New fighting hits South Sudan

JASON STRAZIUSO
Associated Press

NAIROBI, Kenya (AP) — After a lull of several weeks, fighting broke out in South Sudan on Friday, forcing aid workers to take cover in a city where more than 40,000 civilians are huddled in a U.N. base. The country’s rebel leader blamed the government for spending oil money on new weapons amid mass hunger in the country.

Riek Machar, the country’s former vice president and current rebel leader, told The Associated Press that China should stop sending weapons to South Sudan’s government. He said government funds, which come from oil revenue, should be spent on citizens who face severe hunger.

Aid leaders fear that South Sudan could be facing a famine. Since December, more than 1 million people have fled their homes, meaning crops were not planted before seasonal rains began. The violence often pits one ethnic group against another in the world’s newest country. South Sudan broke off from larger Sudan in 2011.

Samantha Power, the U.S. ambassador to the U.N., said during a Security Council trip to South Sudan this week that U.N. officials have “very worrying reports” of arms being brought into the country to set the stage for more fighting when the rains end.

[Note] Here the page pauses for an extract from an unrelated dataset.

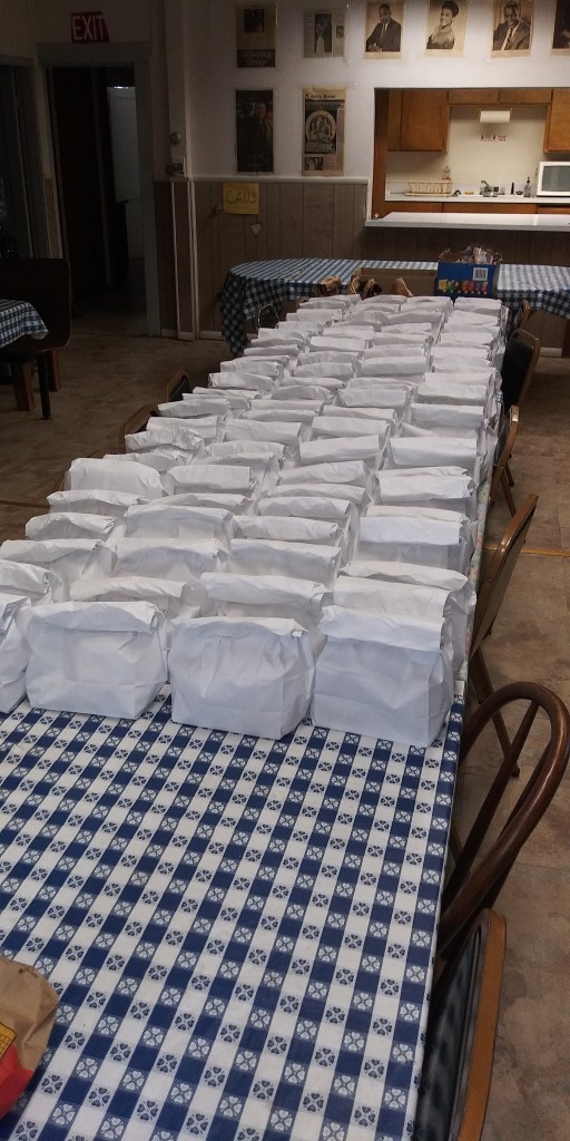 100 bags for our community assistance program.Praise the Lord!!

Despite the signing of two peace deals this year, and despite the fact the rainy season continues, fighting broke out in the city of Bentiu, where a U.N. base is packed with people seeking safety from attacks. Bentiu has traded hands multiple times since violence spread across South Sudan last December. Government troops have been in control of it in recent weeks.

“We heard the sound of fighting and took cover in the bunkers as it started to get closer,” said Timothy Ngyuai, CARE’s project manager in Bentiu. “We’re back at work now, providing life-saving assistance to those who have fled the violence and have chartered a flight for tomorrow morning to bring medicine to help treat the sick and wounded.”

The U.N. Security Council met with President Salva Kiir and spoke with Machar via video conference this week. Power said the two leaders should set aside their differences and urgently resolve the political crisis.

U.S. Secretary of State John Kerry, during this month’s U.S.-Africa summit in Washington, accused Machar’s side of breaking the peace deals that have been brokered. Kerry added: “Deadlines keep passing and innocent people keep dying. The log-rolling and delay has to end.”

Machar denied that his side is responsible for violence and instead blamed Kiir.

Machar noted that he has been in Ethiopia — the site of peace talks — since May. The former vice president said he wants direct negotiations with Kiir’s government instead of a suggested structure that civil society and religious leaders also take part.

“It will not bring a speedy a process. We want a speedy process so we can conclude the talks and end the war,” Machar said.

Machar said any peace deal leading to a national unity transitional government will need to lay out government reforms, including changes to the army and security services, and a restructuring of public services and the judiciary.

South Sudan’s Information Minister Michael Makuei Lueth said in a recent statement that it is the rebel negotiators who are slowing down talks.